Светлый фон

Но вот память прервала свою работу и остановилась перед «Соловецким делом», и ей не захотелось двигаться дальше. Пусть опустится завеса. Довольно.

Не скоро улеглось мое возбуждение. Память по инерции самопроизвольно усиленно работала. Всплывали лица без имен, улыбки без глаз и глаза без улыбок. Имена без лиц... И я мучился, вспоминая. И имя без лица мучило меня, пока не вспоминалось лицо, и лицо без имени — пока не вспоминалось имя. Вспомню лицо, и мучившее меня имя исчезнет, и наоборот: вспомню наряду с лицом имя, и оно стушуется. Пробудился талант вспоминать. Я вспоминал не только забытое, но и то, что никогда не помнил. Так, я восстанавливал строчки стихов, которые никогда не знал наизусть. Я изыскивал разные способы «убивать время». Стал вспоминать своих товарищей по классу. Я поступил в 5-й класс в начале сентября 1904 года. В январе 1905 тяжело заболел и вернулся в гимназию лишь осенью, а в 1906 осенью мама увезла меня в Ниццу. Следовательно, в гимназии я пробыл всего несколько месяцев. И вот я вспомнил 50 своих товарищей по классу, начертил парты и разместил их попарно, кто с кем сидел.
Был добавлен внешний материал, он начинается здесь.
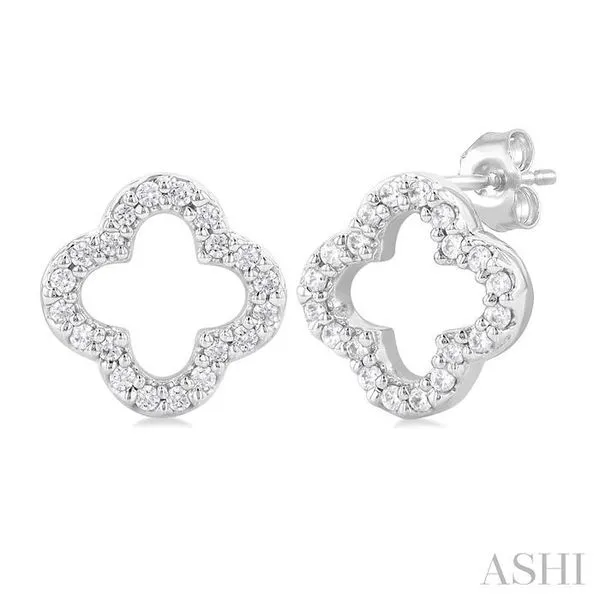 (319) 752-31961/6 Ctw Petite Clover Round Cut Diamond Fashion Stud Earring in 10K White Gold
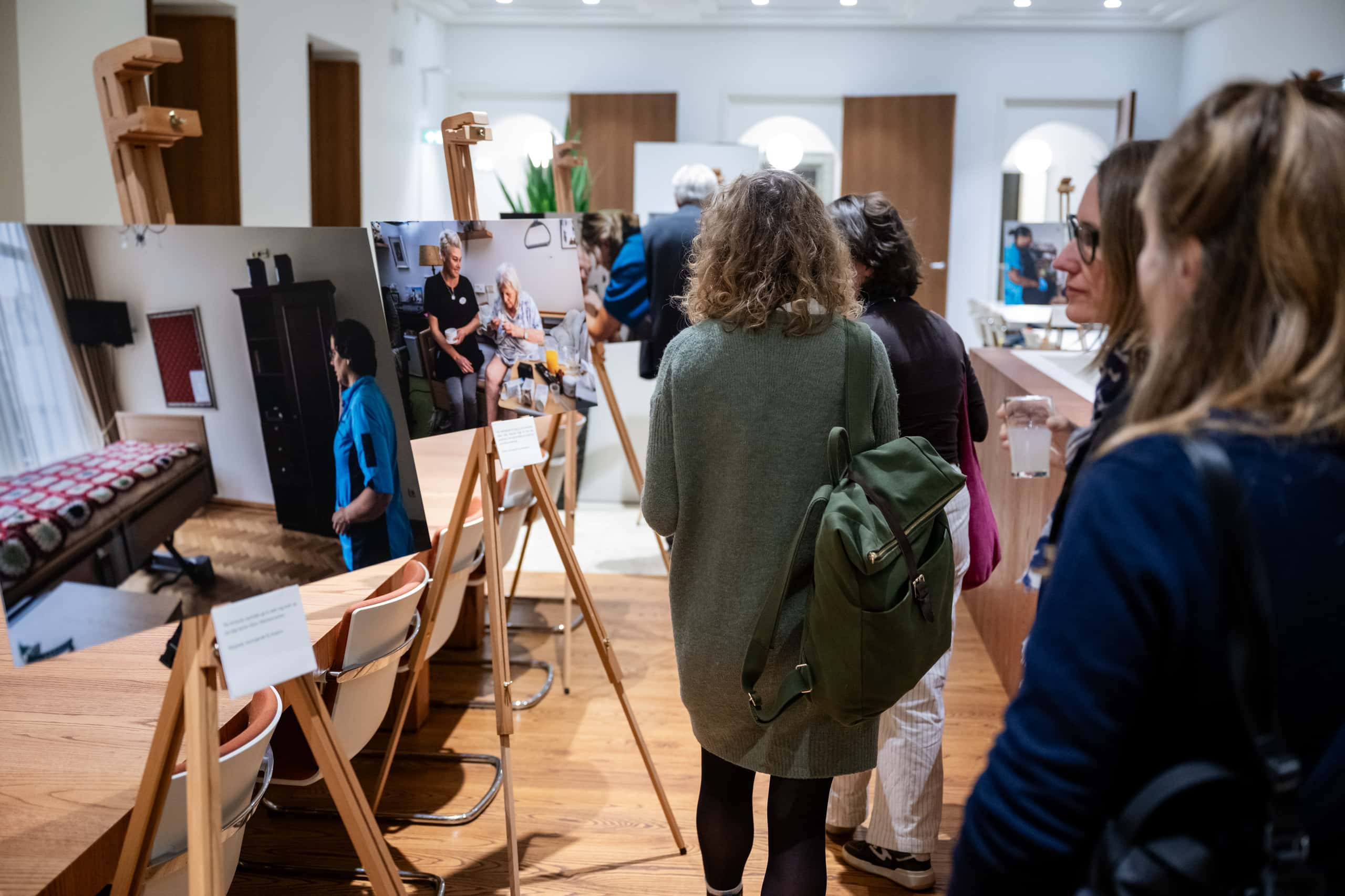 Na afloop bekijkt het publiek de fototentoonstelling Onzichtbaar maar onmisbaar van Marieke van Wieringen. Er wordt namelijk veel geschreven over zorgprofessionals, maar zonder afbeeldingen uit de praktijk. In de foto’s staan verzorgenden en hun vak centraal. Het is dan ook een ode aan de zorgprofessional. Sommige foto’s raken het ongemak bij de kijker. Zoals de blik van een man die boven de deken uitsteekt terwijl hij wordt verzorgd. Als kijker zien we de afhankelijkheid van de mens. Ook dit is zorg. De foto’s zijn uitgegeven als fotoboek dat hier verkrijgbaar is.

Вспомнил всех, и жизнь поглотила всех, кроме одного — Яна Вильчинского. Я и судьбу знаю только одного — Воли Киричинского, который покончил с собой, когда был студентом Киевского университета.

Вот еще один способ «убивать время»: вспоминать полку за полкой своих книжных шкафов. Вспоминать книгу за книгой, которые я с такой любовью расставлял в своей библиотеке, всегда заботясь о том, чтобы они были довольны своими соседями. Вспоминал, когда и где я перечитывал эти книги, что думалось по их поводу. И мне в конце концов захотелось прекратить работу памяти. Я остановился у последней черты, за которую не хотел переступать.

Но унять взбудораженное море воспоминаний было нелегко. Я лишился сна. Всю ночь меня освещал в тишине яркий свет электрической лампы. Изредка слышалась поступь часового в мягких туфлях по мягкому ковру, легкий звук поднимаемого «века» над «глазком». Не пытается ли арестант покончить с собой? Помню ночь, когда мне в моем полубредовом состоянии почудилось, что часовой вошел в комнату. Я решил, что схожу с ума, и начал кричать. Часовой поднял «веко» и заглянул в «глазок»: «Тише, чего кричишь, перебудил мне всех!» Пустые ночи сливались с пустыми днями. В одну такую ночь в памяти воскресло непонятное слово «гоплиц». Имя? Название города? Кажется, в «Оливере Твисте» был мистер, который грозился съесть свою голову. Нет, то был Гримуиг. И «гоплиц» не давал мне покоя. Уже начинало чудиться, что оно превращается в серого зверька с длинным, штопором обрезанным хвостиком, зверек по спирали карабкается по колонке печки. Я еще не видел этого зверька, но понимал: дело кончится тем, что этого зверька — «гоплиц» — я буду уже видеть как свою галлюцинацию. И все же я наконец вспомнил. В верстке нашей книги «Современные города» я обнаружил опечатку: гоплиц вместо Голливуд. И тогда кошмар рассеялся.